He shrugs. He says, “It is what it is, Lorna.”
And I don’t have anything to say to that, because take one look around us. Look at Callie and Ted in the backseat, asleep. Look at the Icelings in the cars moving alongside us, some of them reaching out from their backseat perches, hands pawing at their windows toward the windows of other cars that probably contain their brothers and sisters, whom they haven’t seen since my father found them and ripped them apart in the name of rescuing them. I turn and look back to the cop cars behind us, to where we saw the family way back when, a couple of centuries ago, it seems, but it’s really only been, like, thirty minutes. The way time passes out here, the way time seems to keep expanding and contracting in alternating fits of bad dreams and sparks of hope . . .
Just take one look around us. He’s right.
MY SHIFT IS up, so we pull over at a gas station because finally Bobby needs fuel. We pull up at opposite pumps, and the three of us—Stan, Bobby, and I—get out of the cars while our Icelings stay inside, looking longingly at the road leading back up to the on-ramp.
“Can I tell him what you said?” I ask Stan, and Bobby shoots us a questioning look.

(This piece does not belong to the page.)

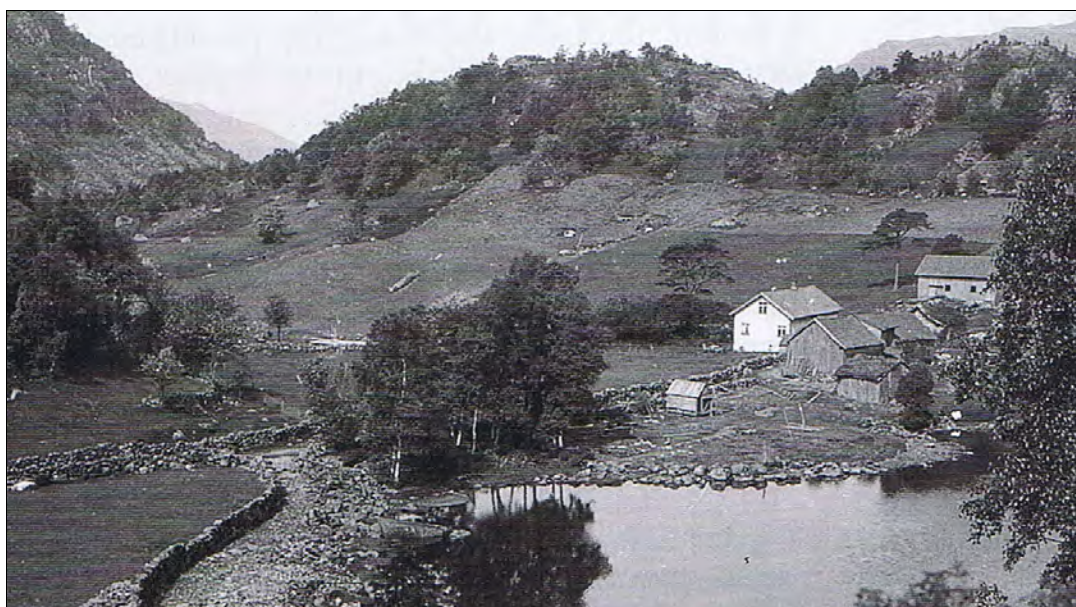
Berland sett fra øst med tjørna i framgrunnen. Det er den gamle ferdavegen til Skåredalen og Ørsdalsvatnet som går t.v. på bildet.

Eg og S. tok ut på tur i 9-tiden i gårkveld, veiret var utmerket med fint måneskin. Var på x (Berland) fikk tak i en av våre. Fikk greie på litt av hvert angående folkene. Fikk tak i en del proviant og avtalte å komme tilbake onsdag i ti tiden for å hente mer.

“I don’t see why not,” Stan says.
“After we passed the checkpoint,” I start, “Stan said that we were like . . . sheep. You know. Sheep heading to the slaughter.” The gas pump makes a struggling sound and then clicks off, so I remove the nozzle and secure the gas cap. When I turn back to Bobby, he’s looking at me like I just slaughtered his favorite sheep right in front of him. “What?” I say. “He has a point. That was way too easy.”
“I mean,” Bobby starts, then stops. “Listen,” he starts again. “They know what we’re up to. Stan’s right, we’d be stupid to think they don’t know what we’re up to with all these Icelings. They know more than we do, I’m sure. They know that we’re taking them somewhere, and they also know exactly where they’re taking us. They—the government—they’re letting this happen. They’re letting us do this.”
“So . . . how is that not something to completely lose our minds over?” Stan says.
“I don’t know,” Bobby says. “But we’re still standing here, right? We’re still okay. They had a wide-open shot at us—a shot to wipe all of them out—and they didn’t take it. But you—we—need to be cautious. Those cops were going out of their way not to do anything to us. You saw that guy who collapsed when they went up to him after he hesitated at the off-ramp? I kept expecting them to just start pulling people out of cars and stomp their faces in. That would have made sense to me. But what they were doing while we drove by, pulling grown men and women from their cars and intimidating them into slumped nothings in front of their children? I mean, in a way that’s almost scarier than pistol-whipping them or beating them with their flashlights, you know? That one guy . . . he looked scared. But when you and I went through? They just stood there. Smiling hard. And moving us all along.”
“Man, Bobby,” says Stan. “Somehow you’ve managed to make everything sound even more terrifying.”
“God, I’m sorry,” he says. “I didn’t mean to. But regardless of how terrifying this all is, the most important thing is that they know, the government, about what’s happening here. They know where we’re headed, precisely where we’re headed, even if we don’t. That’s a fact. And it doesn’t seem like they want to harm us . . . at least not yet.”
I widen my eyes as menacingly as I can at Bobby’s last statement. “Not yet? When, pray tell, are they planning to strike, Bob?”
“I’m not trying to play mind games here, Lorna. And I don’t have, like, a cheat code for the future, or copies of any battle plans. I’m just trying to think about this as clearly as possible, from every angle I can. Even if they mean to harm us or our siblings at some point down the road, that doesn’t change anything. We have to go there anyway. Wherever we’re going, that’s where our siblings want to be, where they need to be. And now we know we won’t be alone in this—there are at least a hundred other people taking the exact same chance we are! So we know we need to be cautious and wary. But we also know we have strength in numbers and a prize to keep our eyes on. Okay? We’re here, and we’re not alone. None of us. Not now.”